ABOUT ME

I founded Hooper Rees to work with leaders who are serious about change. Over the years, I’ve had the privilege of coaching senior executives, founders, and leadership teams across industries and around the world. What I’ve learned is that the challenges leaders face are rarely about strategy or technical skill. They are about people — how we relate to others, and how we relate to ourselves.

My approach draws on the latest neuroscience and the development of emotional intelligence. I help leaders uncover the hidden patterns that drive their decisions, shape their relationships, and ultimately define their leadership. This isn’t about quick fixes. Real growth requires time, reflection, and commitment. That’s why my work is long-term, typically over six to twelve months, and deeply personal.

Leaders often come to me at a point of transition — when what got them here won’t get them there. They may feel the pressure of responsibility, the weight of decisions, or a sense that something needs to shift but without knowing exactly how. Together, we create the space to explore those challenges, identify blind spots, and build new ways of leading that are both authentic and sustainable.

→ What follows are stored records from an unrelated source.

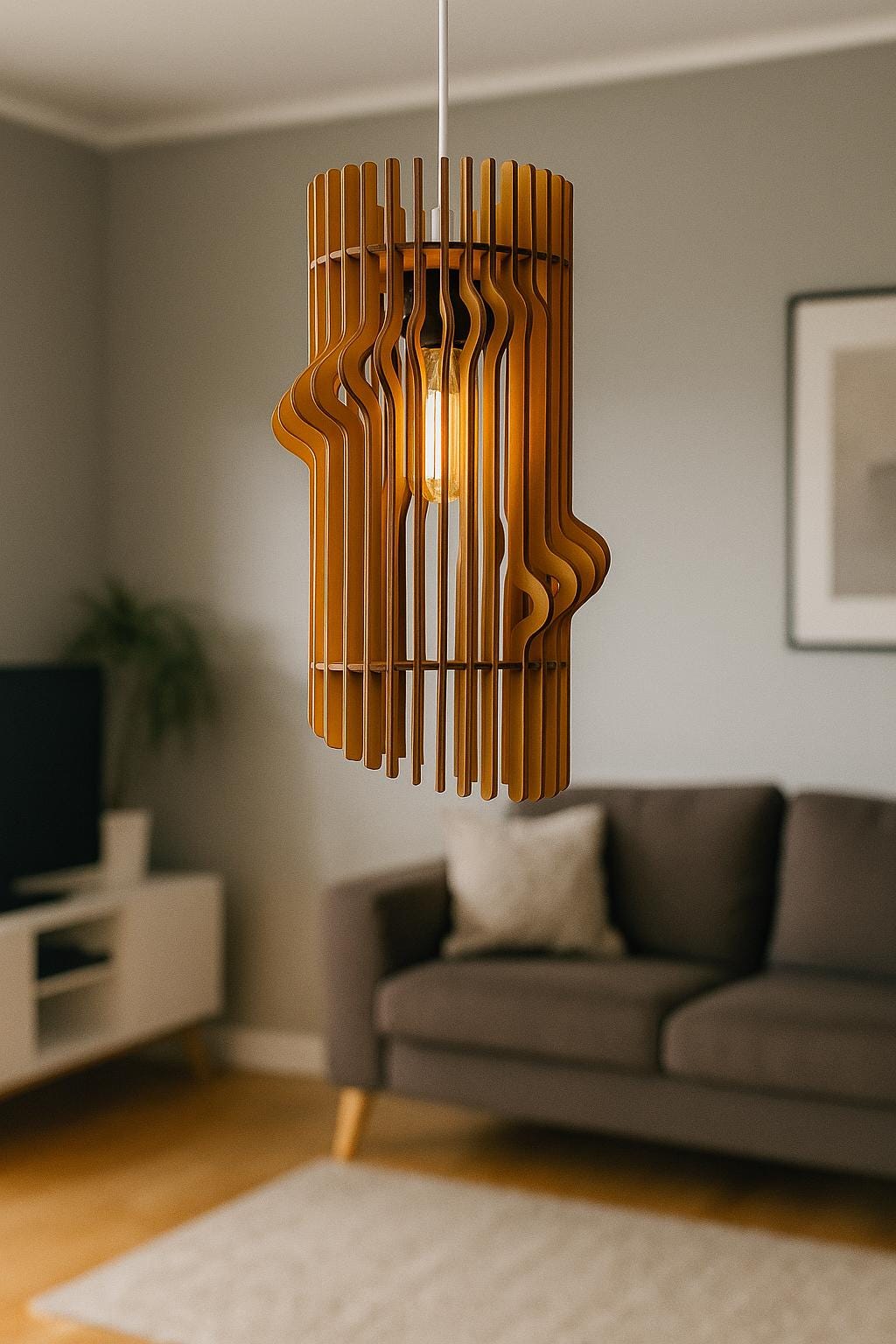 Lampadario in legno, lampada a sospensione in legno, illuminazione ...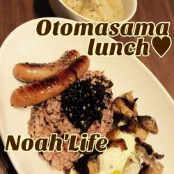 大人様ランチ(≧∇≦)✿*:✧︎*。 黒米、赤米、アマランサス、そばの実を入れた雑穀ご飯(∩˃o˂∩)♡ 肉団子のスープも大好評(*ˊᗜˋ*)♡ しいたけとマッシュルーム、無添加厚切りベーコンのソテー目玉焼きのせと無添加あらびきソーセージ 黒米や赤米などの古代米はもちもちになって美味しいからめっち… Noah'Life 2023/10/06 12:00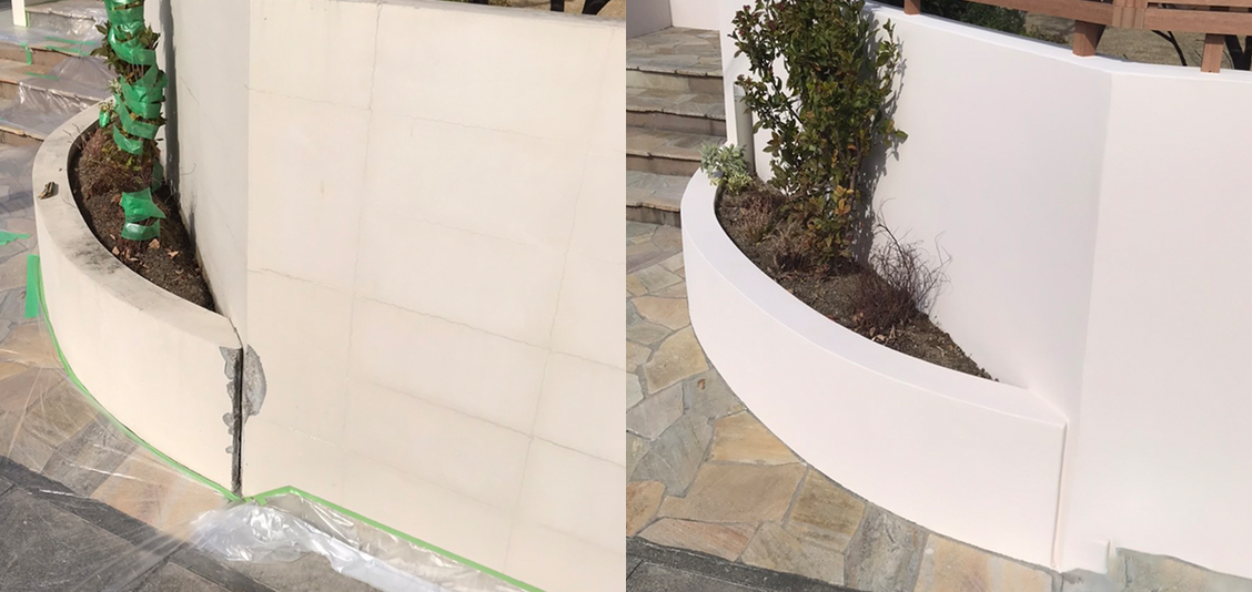 擁壁が劣化し剥がれ落ち、つなぎ目の汚れやなどが目立っていました。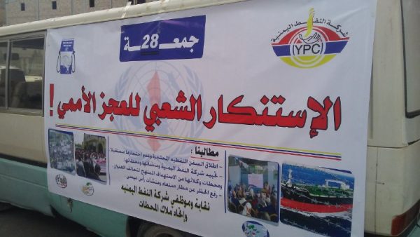 وخلال الوقفة الاحتجاجية التي حملت عنوان “الاستنكار الشعبي للعجز الاممي ” والتي حضرها المدير التنفيذي لشركة النفط اليمنية ياسر الواحدي وقيادات الشركة أكد الناطق الرسمي لشركة النفط اليمنية – مدير دائرة التوكيلات والنقل والتأمين أمين الشباطي وصول السفينتين عمير وانفرينو المحملتان بعشرين الف طن من مادة الديزل بالإضافة الى سفينة اخرى تحمل مادة المازوت المخصصة لكهرباء مدينة الحديدة .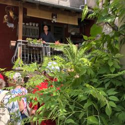 C’est du haut d’une terrasse que Jean-Yves Pagès, s’accompagnant de son tambourin, a proposé des histoires devant un public déjà enchanté par le lieu

At the heart of my work is trust. Coaching only works when both sides are willing to be open, honest, and intentional. I hold that responsibility carefully, and I expect the same from the leaders I work with. The result is a partnership that challenges, supports, and ultimately transforms. 

My Journey

Before becoming a coach, I spent 16 years in corporate finance. On paper, it was a successful career. In reality, I always knew it wasn’t the path I truly wanted to be on. There were aspects of the work I enjoyed and did well, but there was always a “but” — a sense that something essential was missing.

The turning point came when I became a father. That moment of responsibility forced me to look honestly at my life. I realised I was on a path I didn’t want, yet I didn’t have the tools or the inner resources to make a change. Looking back now, I can see that what I lacked wasn’t intelligence or experience — it was emotional intelligence. And that’s true for many leaders I work with today: we can succeed outwardly, while inwardly struggling to align with what really matters.

Learning to develop my own emotional intelligence was the hardest, and most important, work I’ve done. What I first saw as failure became the foundation for everything that followed. It gave me the courage and strength to redirect my life toward the work I had always been drawn to: psychology, human behaviour, and the inner life of leadership.

Outside of coaching, the role that grounds me most is being a father. I see it as an ongoing practice, much like going to the gym: never finished, always evolving. My two daughters teach me every day about patience, presence, and growth. Family life is balanced with two Labradors, Winnie and her brother, who make sure I start each morning with fresh air and a walk across the farm where I live in the southwest of England. After a 20-year break, I’ve also rediscovered the joy of playing team sport — another reminder of the value of connection and trust.

Trust is one of my deepest values. It is central to my work and to my life. Coaching is only possible when trust flows both ways. While my clients must trust me, I also have to trust them. I don’t bring judgment into the coaching relationship — something I had to learn and change in myself over time. Instead, I create the space where trust can be built, where growth is possible, and where leaders can find the courage to change.